Il sorriso è la cosa più enigmatica che sia mai esistita.
C’è il sorriso di circostanza, quello sensuale, quello che si delinea sulle tue labbra dopo che hai sentito qualcosa di divertente o visto qualcuno che ti interessa. Il sorriso è un modo per dire “ciao”, “arrivederci” o anche “addio”. È un modo alternativo per chiedere scusa, uno per dire “mi piaci” e perché no, anche per dire “ti odio”. C’è il sorriso imbarazzato, quello che provoca delle fossette ai lati della bocca e quello inquietante.
Ecco, il sorriso è universale e enigmatico. Si proprio così, universale e enigmatico.

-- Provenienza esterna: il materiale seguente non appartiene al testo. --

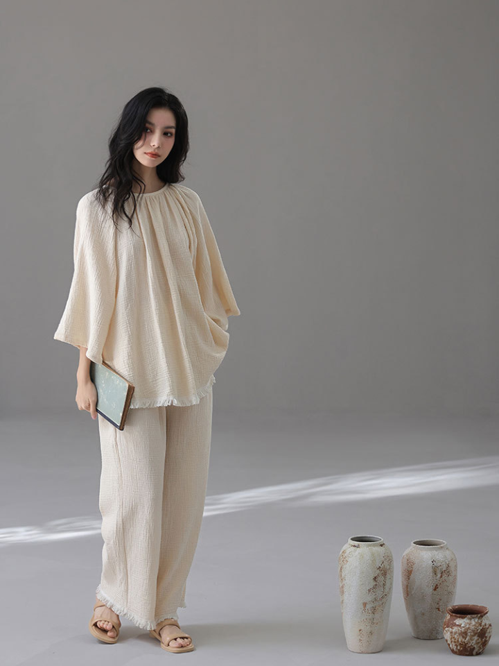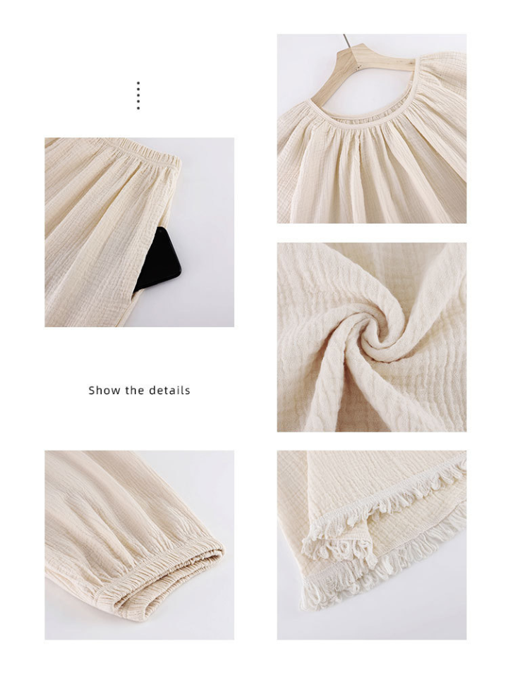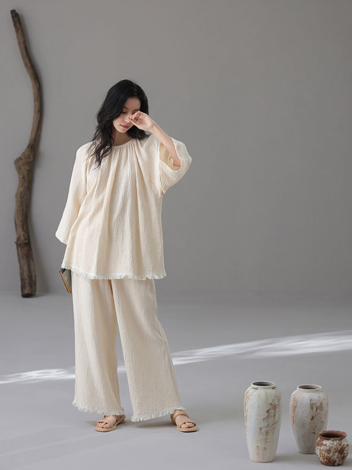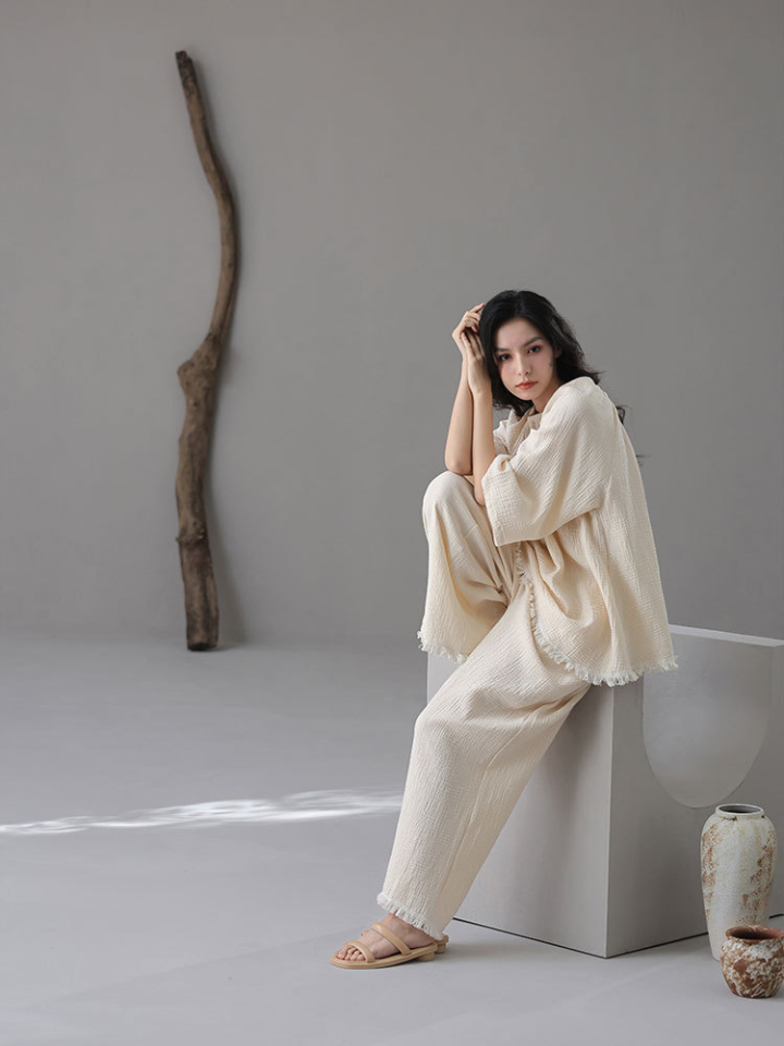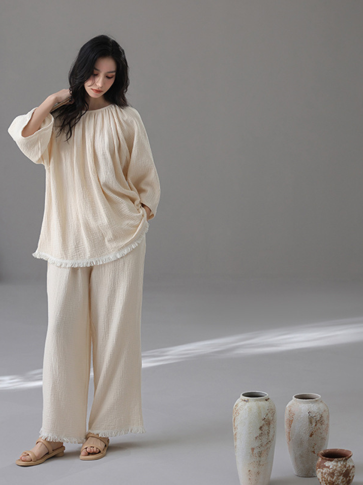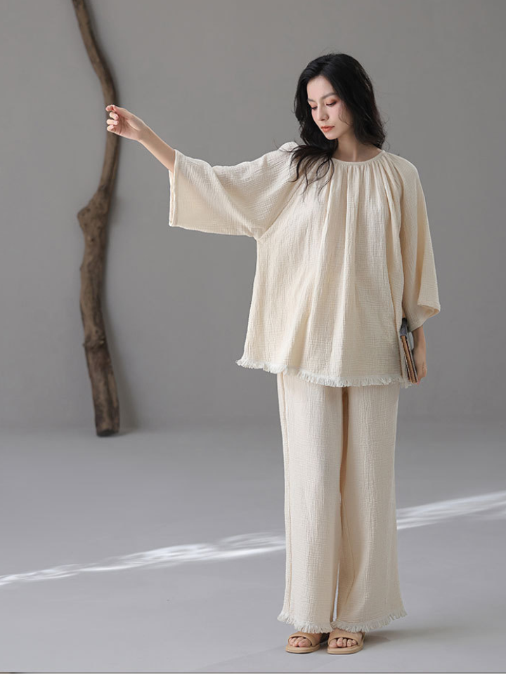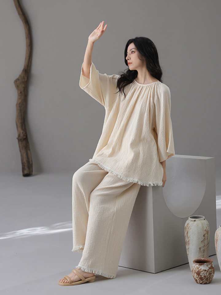 裾フリンジ 純綿ルーズフィットパジャマ

Una persona sorride ma può essere felice, arrabbiata, emozionata, triste, dubbiosa, imbarazzata. Il sorriso può voler dire tante cose che nemmeno riusciresti ad immaginartele. È misterioso, ingannevole, seducente. Una maschera.
Quante volte dietro ad un sorriso si nasconde il dolore? Quante volte i problemi, le lacrime, i turbamenti vengono celati dietro di esso? A te non è mai successo?
Siamo tra amici tesoro, puoi anche calare la maschera.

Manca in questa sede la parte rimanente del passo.